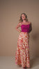 Conjunto de top e saia longa super elegante. O top em fúcsia liso traz pedrarias delicadas nas alças e detalhe de amarração sutil no busto em vivo, valorizando a peça com charme e sofisticação. A saia longa em estampa exclusiva Artsy, com fundo amarelo manteiga e flores no tom do top, completa o look com leveza, movimento e um visual marcante e refinado.
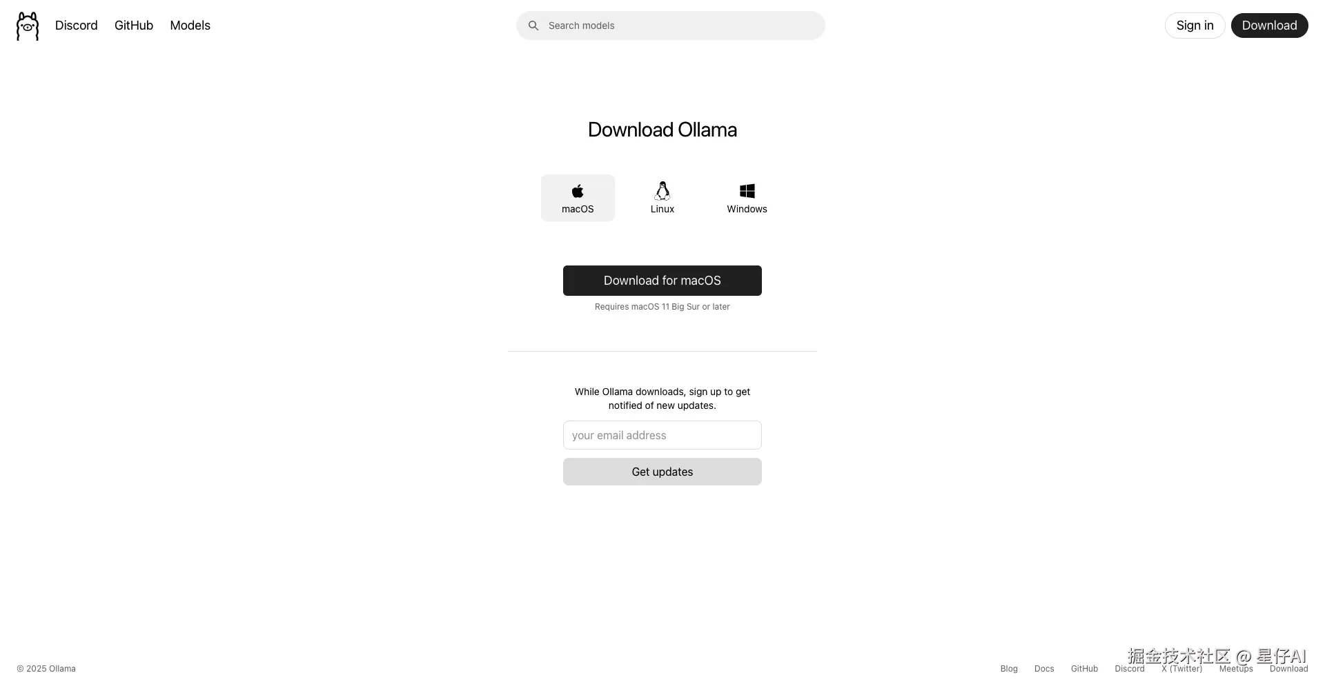 访问Ollama官网下载对应系统安装包:
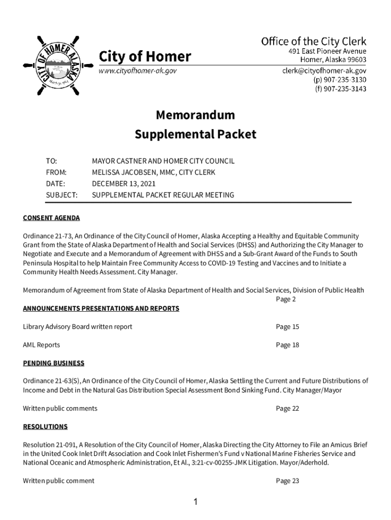 Memorandum Supplemental Packet TO: FROM: DATE: SUBJECT:MAYOR CASTER AND HOMER CITY COUNCIL MELISSA JACOBSEN, MMC, CITY CLERK DECEMBER 13, 2021, SUPPLEMENTAL PACKET REGULAR MEETINGCONSENT AGENDA Ordinance
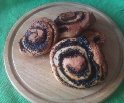 zrobiłam je na niedzielę dla taty wielbiciela ciast z makiem. Dodałam do maku 75 g miodu i 75 g brązowego cukru..oczywiście napakowałam rownież orzechów i rodzynek. Rewelacja! Nawet przeciwnicy maku zachwalali. Padła sugestia, że można je zrobić np. mniej słodkie i polukrować.
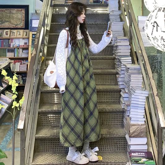 2点セット【セットアップ】韓国風 春秋 カラフルドーパミンチェック キャミワンピースセット レディース【SHシリーズ】【JZシリーズ】
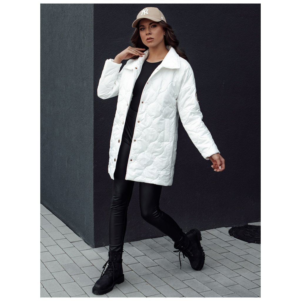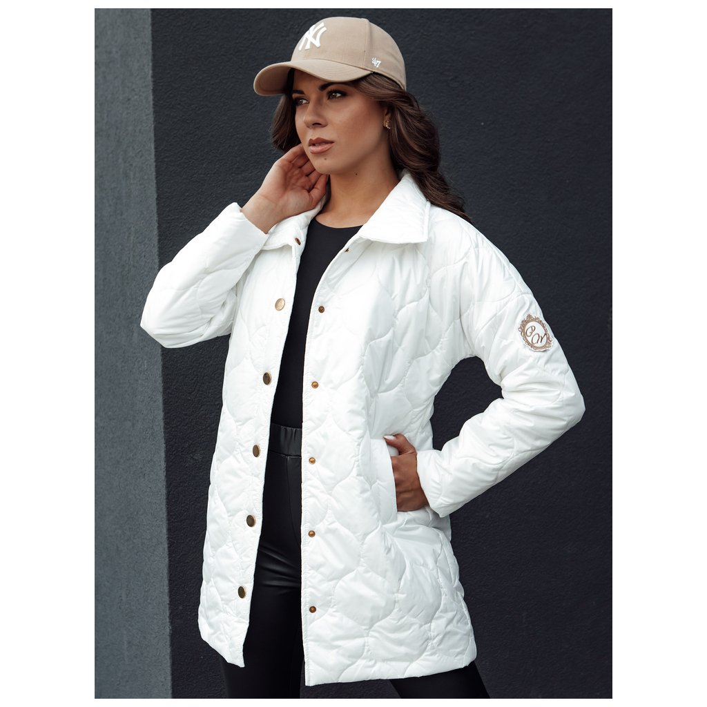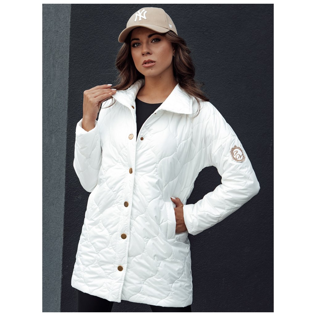 Táto dlhšia prešívaná bunda má výrazný golier a je vyrobená z mäkkej látky. Má vrecká v páse a zapínanie na ozdobné cvoky. Na rukáve je ozdobná nášivka. K dispozícii v troch farbách.
------------------------------------------------------------
[Action item]: Copy nothing but the lines from the line that contains "2点セット【セットアップ】韓国風 春秋 カラフルドーパミンチェック" through the end of the listing, exactly, and keep pictures out of it.

[Written response]:
 2点セット【セットアップ】韓国風 春秋 カラフルドーパミンチェック キャミワンピースセット レディース【SHシリーズ】【JZシリーズ】
 Táto dlhšia prešívaná bunda má výrazný golier a je vyrobená z mäkkej látky. Má vrecká v páse a zapínanie na ozdobné cvoky. Na rukáve je ozdobná nášivka. K dispozícii v troch farbách.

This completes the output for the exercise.